** Work task **
Please set down the data word for word; images do not go in the copy.

[Raw data]

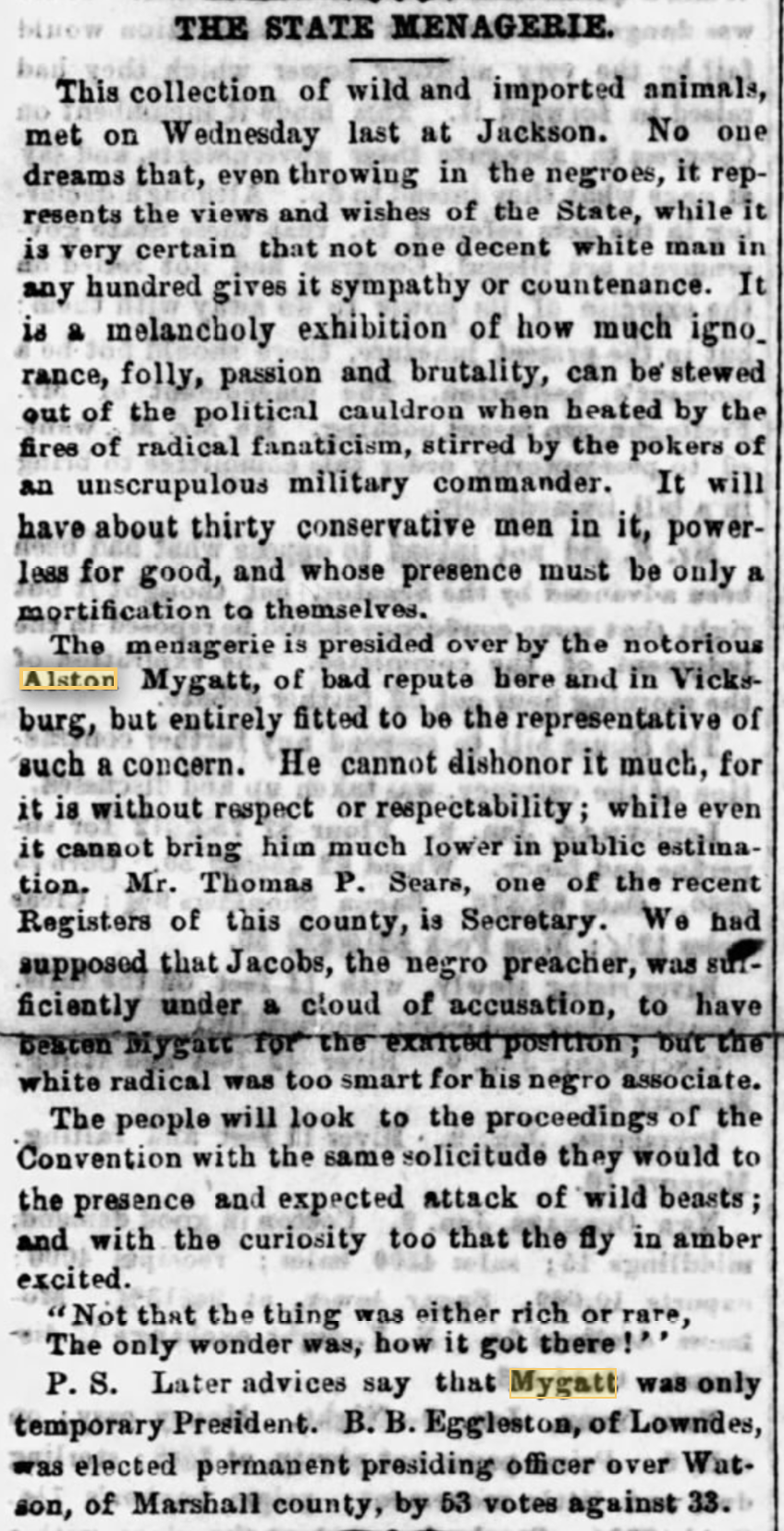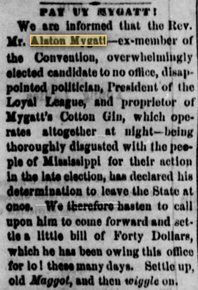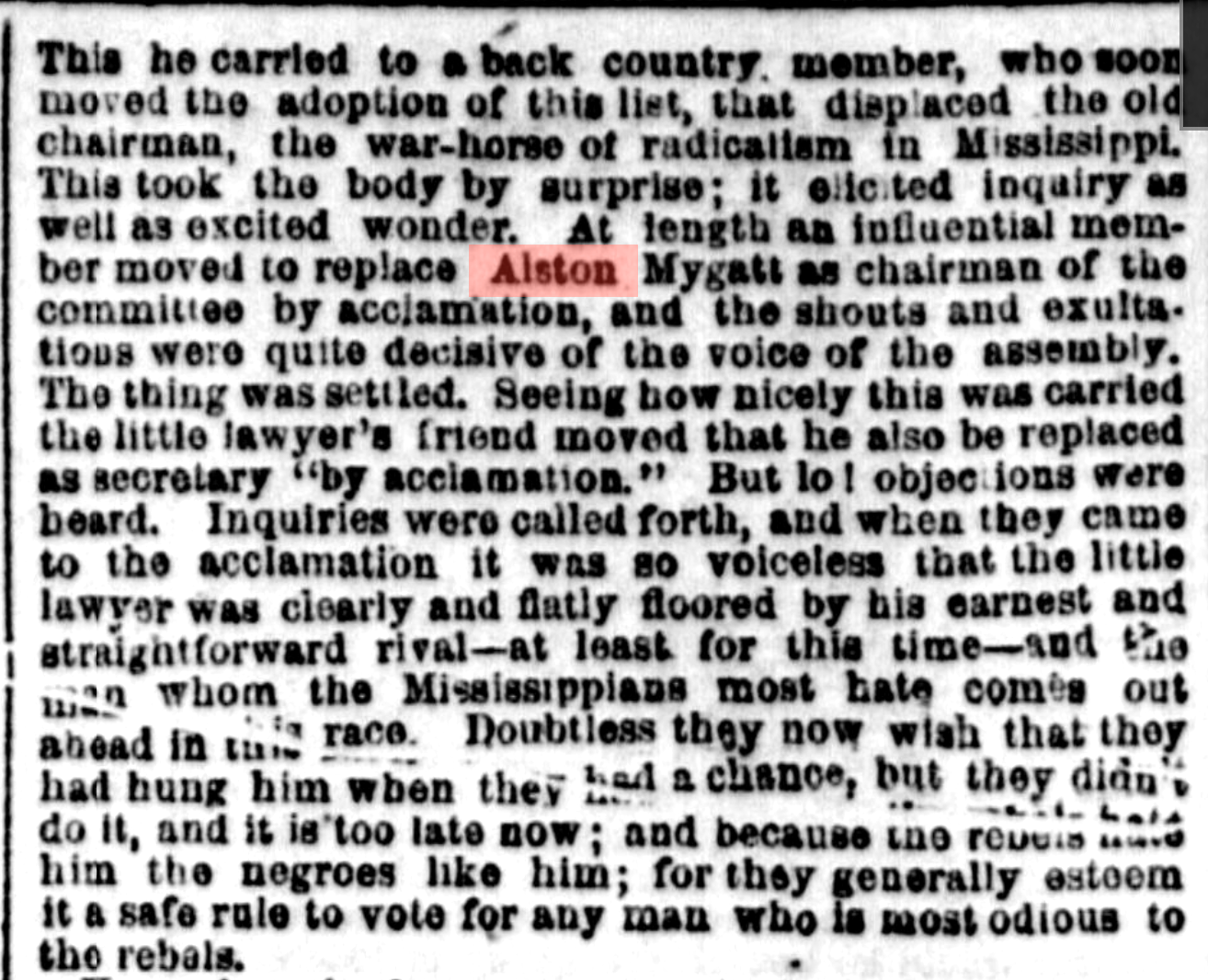 In July 7, 1868 issue of the Louisville Journal, it is reported, "Rev. Alston Mygatt, a prominent carpet-bagger is so thoroughly disgusted with the people of Mississippi for their action in the late election that he has determined to leave the State at once." The paper's is very anti-Negro and doesn't condemn violence against them by Whites. No evidence that Mygatt left the state. In fact he was elected to the state senate. The report was based on an article published in the Vicksburg Herald seen at right.
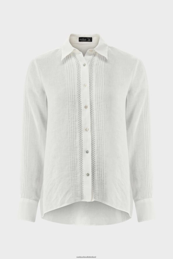 An elegant fitted shirt with a slightly flared hem, long sleeves, front pleats, and lace inserts, crafted from simple cotton batiste. Perfect for casual occasions and chic events.
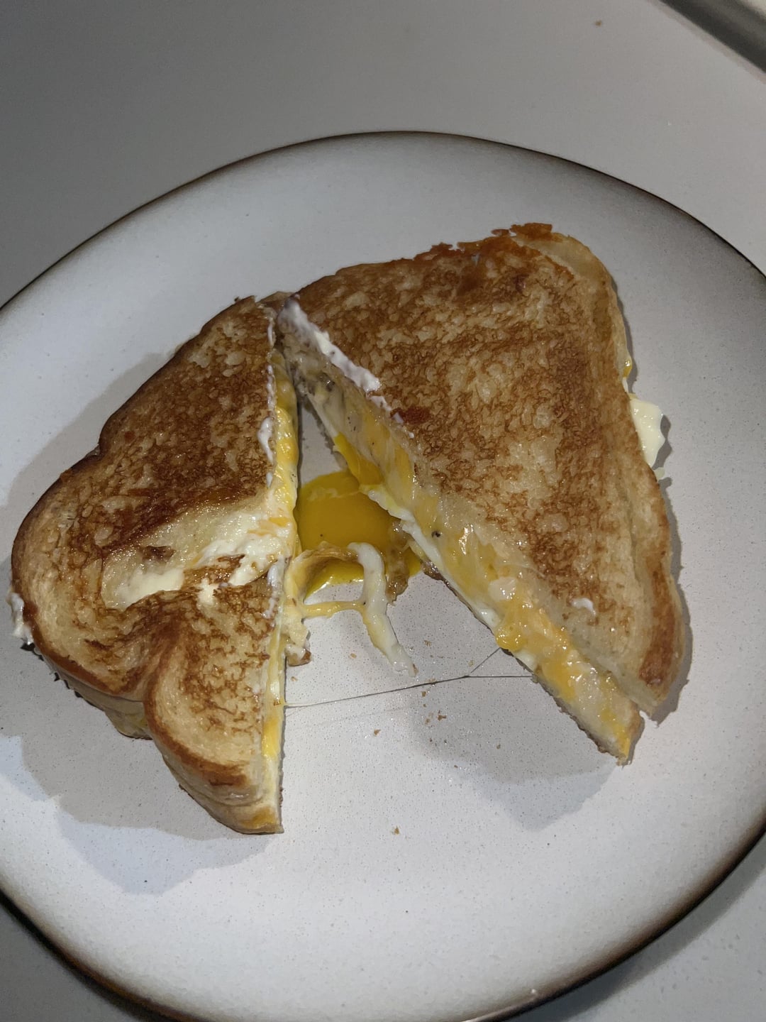 Fried egg, Colby jack cheese, mayoby Jealous-Arugula4428 3 Comments Felicity110 1 year ago Egg cooked inside of sandwich? Crack in plate in between slices ? RedRider1138 1 year ago Looks fantastic! Bubbly57 1 year ago Looks delicious 😋Write A CommentYou must be logged in to post a comment.

[/Raw data]

** The answer **
 In July 7, 1868 issue of the Louisville Journal, it is reported, "Rev. Alston Mygatt, a prominent carpet-bagger is so thoroughly disgusted with the people of Mississippi for their action in the late election that he has determined to leave the State at once." The paper's is very anti-Negro and doesn't condemn violence against them by Whites. No evidence that Mygatt left the state. In fact he was elected to the state senate. The report was based on an article published in the Vicksburg Herald seen at right.
 An elegant fitted shirt with a slightly flared hem, long sleeves, front pleats, and lace inserts, crafted from simple cotton batiste. Perfect for casual occasions and chic events.
 Fried egg, Colby jack cheese, mayoby Jealous-Arugula4428 3 Comments Felicity110 1 year ago Egg cooked inside of sandwich? Crack in plate in between slices ? RedRider1138 1 year ago Looks fantastic! Bubbly57 1 year ago Looks delicious 😋Write A CommentYou must be logged in to post a comment.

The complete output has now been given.